Highest Common Factor of 661, 487, 801, 75 using Euclid's algorithm

Created By : Jatin Gogia

Reviewed By : Rajasekhar Valipishetty

Last Updated : Apr 06, 2023


HCF Calculator using the Euclid Division Algorithm helps you to find the Highest common factor (HCF) easily for 661, 487, 801, 75 i.e. 1 the largest integer that leaves a remainder zero for all numbers.

HCF of 661, 487, 801, 75 is 1 the largest number which exactly divides all the numbers i.e. where the remainder is zero. Let us get into the working of this example.

Consider we have numbers 661, 487, 801, 75 and we need to find the HCF of these numbers. To do so, we need to choose the largest integer first and then as per Euclid's Division Lemma a = bq + r where 0 ≤ r ≤ b

Highest common factor (HCF) of 661, 487, 801, 75 is 1.

HCF(661, 487, 801, 75) = 1

HCF of 661, 487, 801, 75 using Euclid's algorithm

Highest common factor or Highest common divisor (hcd) can be calculated by Euclid's algotithm.

HCF of:

Highest common factor (HCF) of 661, 487, 801, 75 is 1.

Highest Common Factor of 661,487,801,75 using Euclid's algorithm

Highest Common Factor of 661,487,801,75 is 1

Step 1: Since 661 > 487, we apply the division lemma to 661 and 487, to get

661 = 487 x 1 + 174

Step 2: Since the reminder 487 ≠ 0, we apply division lemma to 174 and 487, to get

487 = 174 x 2 + 139

Step 3: We consider the new divisor 174 and the new remainder 139, and apply the division lemma to get

174 = 139 x 1 + 35

We consider the new divisor 139 and the new remainder 35,and apply the division lemma to get

139 = 35 x 3 + 34

We consider the new divisor 35 and the new remainder 34,and apply the division lemma to get

35 = 34 x 1 + 1

We consider the new divisor 34 and the new remainder 1,and apply the division lemma to get

34 = 1 x 34 + 0

The remainder has now become zero, so our procedure stops. Since the divisor at this stage is 1, the HCF of 661 and 487 is 1

Notice that 1 = HCF(34,1) = HCF(35,34) = HCF(139,35) = HCF(174,139) = HCF(487,174) = HCF(661,487) .

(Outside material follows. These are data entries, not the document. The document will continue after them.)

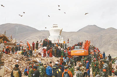 愿意在風(fēng)雪中進(jìn)行一次短暫巡視的人到處都能看到這樣的景象:騎著缺了車燈的摩托車的藏族漢子一臉倦容,他怕家人牽掛而備感焦急,但還是會(huì)對外來的人擠出一絲微笑;5個(gè)年輕人——他們有的還只是高中生——正忙著把自家的廢墟扒開,搬出椅子、飯鍋或者其他可能還完整的東西。很難知道家里的大人在哪里,問起來,他們轉(zhuǎn)過頭去,一臉茫然的神情。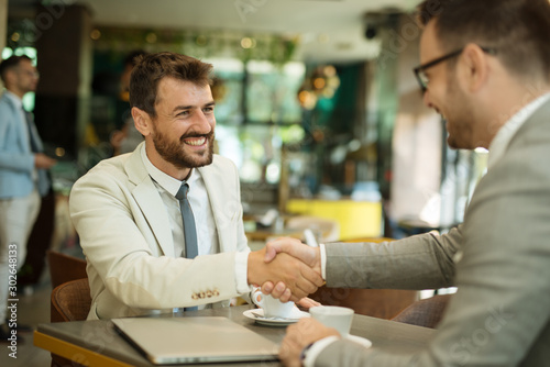 Fototapeta premium Businessmen shaking hands after meeting in a cafe
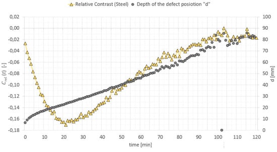- —the relative contrast in relation to the reference area (the cross section with the defect) [-].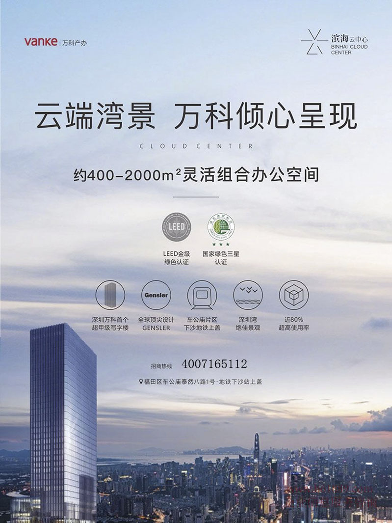 濱海云中心(萬(wàn)科濱海云中心)可租賃辦公面積約54000㎡,主力面積300-2000㎡,正在火熱招商中。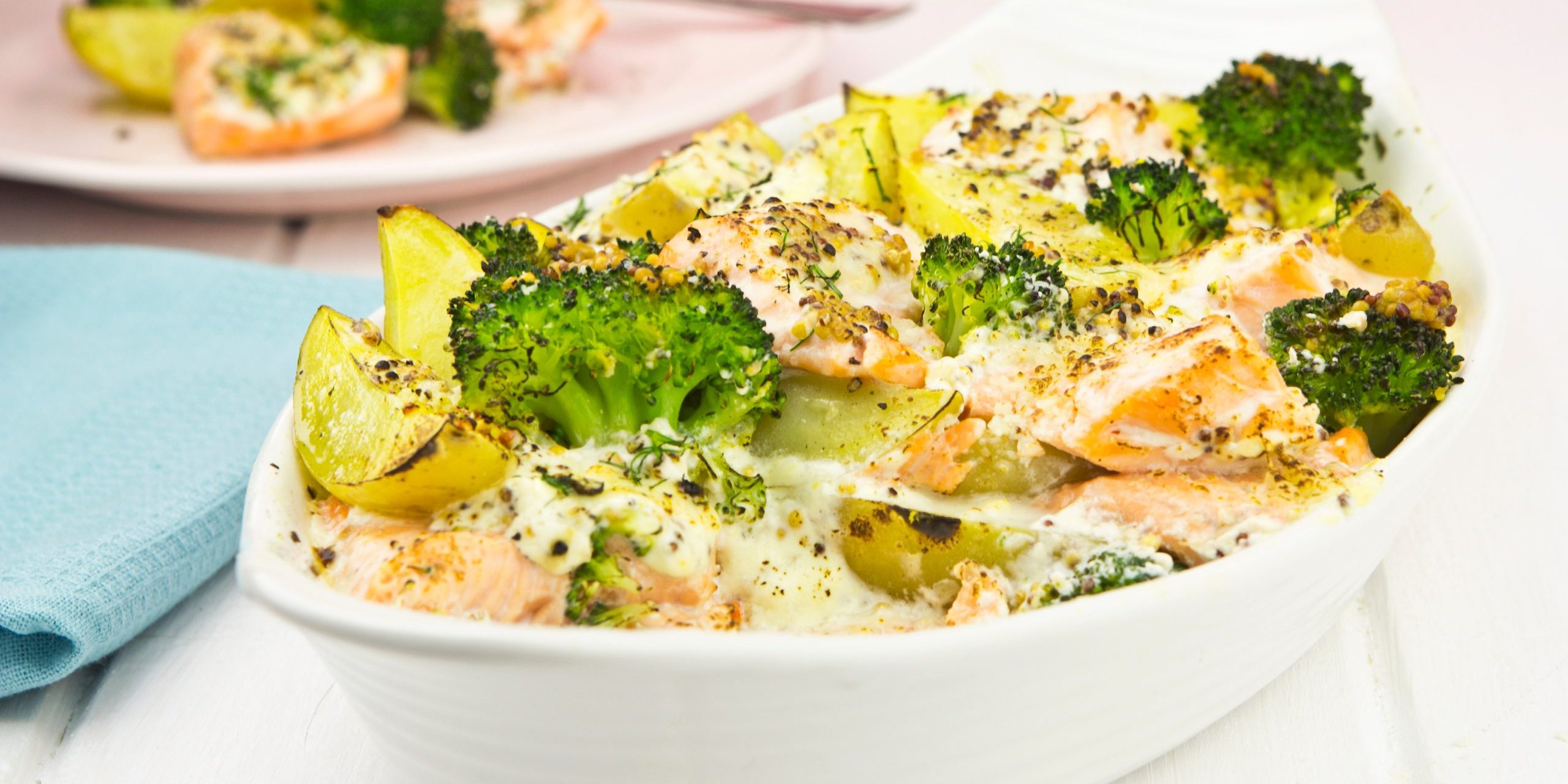 Salmon, broccoli and potato bake

We can take hcf of as 1st numbers and next number as another number to apply in Euclidean lemma

Step 1: Since 801 > 1, we apply the division lemma to 801 and 1, to get

801 = 1 x 801 + 0

The remainder has now become zero, so our procedure stops. Since the divisor at this stage is 1, the HCF of 1 and 801 is 1

Notice that 1 = HCF(801,1) .


We can take hcf of as 1st numbers and next number as another number to apply in Euclidean lemma

Step 1: Since 75 > 1, we apply the division lemma to 75 and 1, to get

75 = 1 x 75 + 0

The remainder has now become zero, so our procedure stops. Since the divisor at this stage is 1, the HCF of 1 and 75 is 1

Notice that 1 = HCF(75,1) .

HCF using Euclid's Algorithm Calculation Examples

Frequently Asked Questions on HCF of 661, 487, 801, 75 using Euclid's Algorithm

1. What is the Euclid division algorithm?

Answer: Euclid's Division Algorithm is a technique to compute the Highest Common Factor (HCF) of given positive integers.

2. what is the HCF of 661, 487, 801, 75?

Answer: HCF of 661, 487, 801, 75 is 1 the largest number that divides all the numbers leaving a remainder zero.

3. How to find HCF of 661, 487, 801, 75 using Euclid's Algorithm?

Answer: For arbitrary numbers 661, 487, 801, 75 apply Euclid’s Division Lemma in succession until you obtain a remainder zero. HCF is the remainder in the last but one step.